Wie gesagt er added sowohl Mouse als auch den KeyListener ... bloss nur der MouseListener funktioniert und ich weiß beim besten Willen nicht warum.


----------



## Guest (6. Dez 2007)

Huch, das war natürlich mein Beitrag. Hatte vergessen mich anzumelden. Als grad ich ein paar Sachen editieren wollte, hab ich bemerkt, dass was nicht stimmt ...
Freu mich trotzdem über Hilfe


----------



## Apo (6. Dez 2007)

Letzter Versuch für heute.  :x 
Sorry für den "Tripplepost".


----------



## Quaxli (6. Dez 2007)

Cooles Game.


----------



## Apo (9. Dez 2007)

Hi,

keiner eine Idee wie ich das Applet-Keylistener-Mouselistener Problem in den Griff bekommen könnte?


----------



## Neolity (9. Dez 2007)

Welches Semester sind die Studenten denn und was für eine Veranstaltung ist das? Ich bin im ersten Semester und wäre froh, wenn ich solche Aufgaben hätte... Bei uns sind eher so kleine Beispiele angesagt als wirkliche Programme bei denen auch etwas rauskommt.


----------



## Apo (10. Dez 2007)

Es ist für die Erstsemestler in der Vorlesung AuD (Algorithmen und Datenstrukturen).
Die Tutorien sind sonst auch eher so "Standard" wie: Lese eine Datei ein, erstelle eine Klasse Student mit folgenden Attributen ...., ordne sie mit Bubble Sort und Quicksort und erkläre daran, ob der Sortierungsalgorithmus stabil ist oder nicht. (um mal ein Beispiel für eine Tutoraufgabe zu nennen)
Da wir Tutoren aber auch Vorschläge geben dürfen ... kam ich halt auf die Idee mit dem kleinen Spiel. Hätte mir damals auch mehr Spaß gemacht. 

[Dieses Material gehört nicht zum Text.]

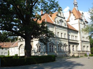 durch den Park des ehemaligen Jagdschlosses, mit den alten knorrigen Bäumen
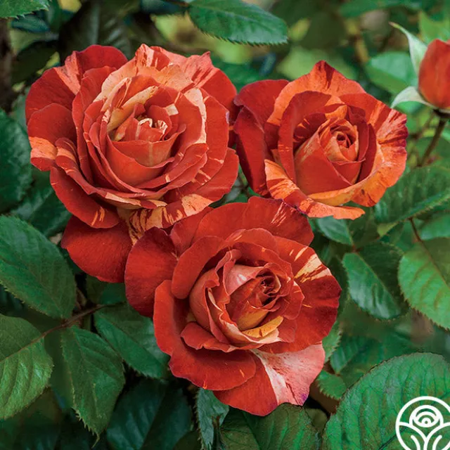 Add an element of delight to your garden with the vertical beauty of Tropical Lighting. Her striking, striped cream and dusky, red-orange blooms measure about 3.5” and fade to pink against the glossy, green foliage. Tropical Lightning may also be grown as a Shrub or as a Climber and will grow to 8-10’. Expect her to bloom in flushes throughout the season
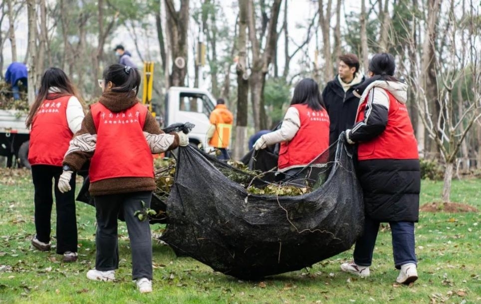 在南湖园和南区三、四食堂等附近的道路上,团员们和志愿者们身穿红色马甲,配合紧密,合理划分区域。他们搬移挡住路面的树枝,用铁锹铲冰除雪,清扫路面,一推、一铲、一扫,路面的残雪、冰渣以及掉落的树枝全部得以清除。

Möchte nicht jemand versuchen eine KI zu schreiben und sie dann hochzuladen bzw. mir dann schicken? (dauert auch nicht wirklich so lange  ) Und falls sie gut ist, dann könnte ich sie als Zusatzaufgabe mit einbauen. Schlagt nicht Apo, sondern eure KI dann (mit Credtis natürlich) 

Kann mir niemand bei dem Applet Problem helfen?   (Der SourceCode ist auch beim Download dabei ...)


----------



## EgonOlsen (10. Dez 2007)

Apo hat gesagt.:
			
		

> Kann mir niemand bei dem Applet Problem helfen?   (Der SourceCode ist auch beim Download dabei ...)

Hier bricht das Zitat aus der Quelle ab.